Sizinle hiç alay edildi mi? Alay edilecek bir şeyler yaptınız mı? Böyle bir tutum icra ettiğinizde kendinizi nasıl hissettiniz? Okumayı bırakın şimdi ve düşünün iki üç saniye?

Toplumdan dışlanmanın, ötekileştirilmenin, yalnızlaşmanın ilk adımı sayılır alay edilmek.

Belki de neden öyle bir şey yapayım ki, bunca yıl okullarda okuduk topluma uyum sağlamak için gibi cümlelerin arkasına sığınabilirsiniz.

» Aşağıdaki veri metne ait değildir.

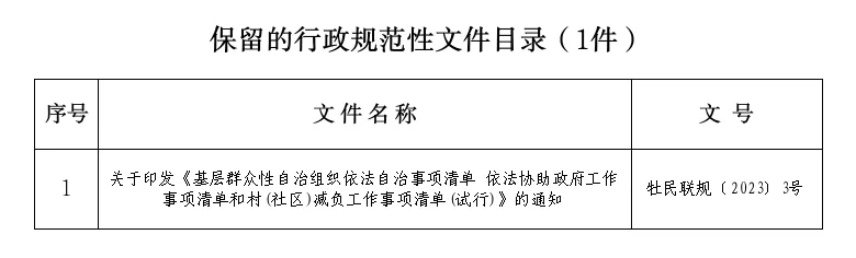 按照《关于开展地方性法规、政府规章和行政规范性文件清理工作的通知》要求,我部对2025年8月1日前制定公布的现行有效的行政规范性文件进行了清理。经清理,保留行政规范性文件1件,修改行政规范性文件0件,废止行政规范性文件0件,宣布失效行政规范性文件0件。

Düşünün ve böyle olanları anlayın diye söylüyorum bunları. Bu konuda önceden çevrenizde gördüğünüz ve zihninizi meşgul eden abuk sabuk örnekler varsa, tepkiniz farklı olacaktır tabii.

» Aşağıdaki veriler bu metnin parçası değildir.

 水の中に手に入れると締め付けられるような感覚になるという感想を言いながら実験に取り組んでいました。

Her şeye rağmen "anlamak ve anlamlandırmak" için empati kurmak, onun yerine kendimizi koymak iyi olacaktır. Bu, bizim kalitemizi belirler. Çözüm odaklı düşünmemize yardımcı olur. Şahsen, alay edilmek istemem. Mahalleye girdiğimde kaş göz işareti ile beni göstermelerini, güya kendi aralarında fısıldaşmaları hiç hoşuma gitmez. Rahatsızlığım gittikçe artar, zihnimde birçok komplolar üretir ve sabır taşım bir gün çatlayıverir. Beni muhatap alıp yüzüme bir şey söylemezler bir zaman.

Belki alay konusu olabilecek tüm davranışlarımı gözden geçirir ve birçok doğrularımı bile terk ederim böyle bir durumda. "Milletin diline düşmek" nasıl bir yaptırımdır henüz tatmadım. "Başkasının yüzüne bakamamak" nedir henüz bilmedim.

Ortalama bir insan olarak yaşıyoruz şu fani dünyada. Zaman zaman sırtımız sıvazlanıyor, dört köşe oluyoruz. Gazla çalışıyoruz belki de. Lakin tüm bunların dışında bir başka açıdan alay edilme mevzusunu ele almak istiyorum:

Kitabı okur musunuz ya da nasıl okuyorsunuz, yani hangi niyetlerle? Bunları bilmiyorum. Merak eder de Hicr Suresinde Rabbimizin bize anlattıklarını okursanız...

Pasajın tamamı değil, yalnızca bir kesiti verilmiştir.